Mauritanian Army Launches Coup

NOUAKCHOTT, August 3, 2005 (IslamOnline.net & News Agencies) - Mauritanian army troops, dominated by presidential guard members, took over Wednesday, August 3, the armed forces headquarters, state radio and television buildings in the capital Nouakchott in an apparent coup d'etat.

The troops had moved into the buildings at 5:00 am (0500 GMT) and blocked off access to the presidential palace and government ministers, while President Maaouyia Ould Taya was in Saudi Arabia for the funeral of King Fahd, reported Agence France-Presse (AFP), citing its reporter in the northwestern African country.

Taya is said to have arrived in Niger's capital Niamey but it has not been confirmed yet, according to Al-Jazeera.

"We have heard that there has been a coup d'etat but we don't know who's involved. We don't know whether it is something that has succeeded or failed," Sid Ahmed Abeidna, the British honorary consul in Nouakchott, told Reuters.

Military vehicles equipped with heavy weaponry and anti-aircraft guns took up positions on the capital’s streets.

All state media broadcasts were interrupted and no announcement had been made by the putschists several hours after their takeover.

Mauritania's main Nouakchott airport was closed to civilian traffic, military sources told AFP.
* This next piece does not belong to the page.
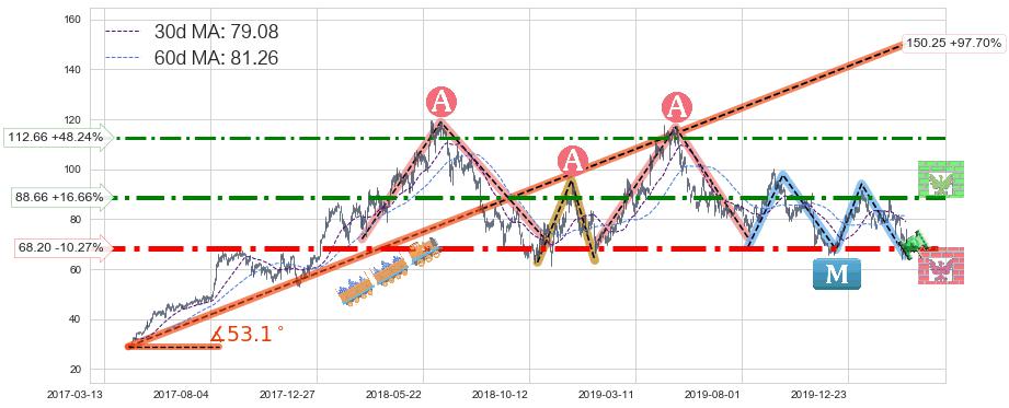 ♘ 支撑价格位68.20,可信任强度94.34%,距离最后交易2020-03-13形成的收盘价格76.00相差 -10.27%

A foreign diplomat confirmed that the airport had been shut since 10:00 am (1000 GMT), some five hours after soldiers of the presidential guard took over key buildings in the capital.

Troops were barring entry to the airport terminal but no armored vehicles were visible, an AFP correspondent reported.

Shops in the sand-blanketed city were closed and taxis were not stopping to pick up people trying to leave the town center.

Five blasts were heard at 10:15 am (10:15 GMT) near the center of the city, whose residents were gradually taking shelter, according to Reuters.

A Reuters reporter on the border with Senegal said border guards were preventing people from leaving the country.

The French embassy in Nouakchott said it was monitoring the situation in the former colony but declined to make any further comment.

Past Coups

Taya is said to have landed in Niger coming from Saudi Arabia. (Reuters)

Dissident soldiers came close to toppling Taya in June 2003 during two days of street fighting in Nouakchott before loyalist forces regained control.

The government says it foiled two more coup attempts in 2004.

President Taya himself seized power in a 1984 coup. Analysts said his normalization with Israel and cementing ties with Washington have alienated a broad section of society.

Mauritania -- which hopes to start pumping oil early next year -- is one of only three Arab League member states that have established diplomatic ties with Israel.

It is also, according to analysts, one of the most repressive countries in the region towards Islamist movements.

Police have arrested scores of Islamic opposition leaders and activists since April.

In May, security forces searched mosques around the capital and arrested imams, according to Reuters.

Analysts have warned that Mauritania's attempts to stifle opposition groups by denouncing them as terrorists risks backfiring by radicalizing moderate Islamists.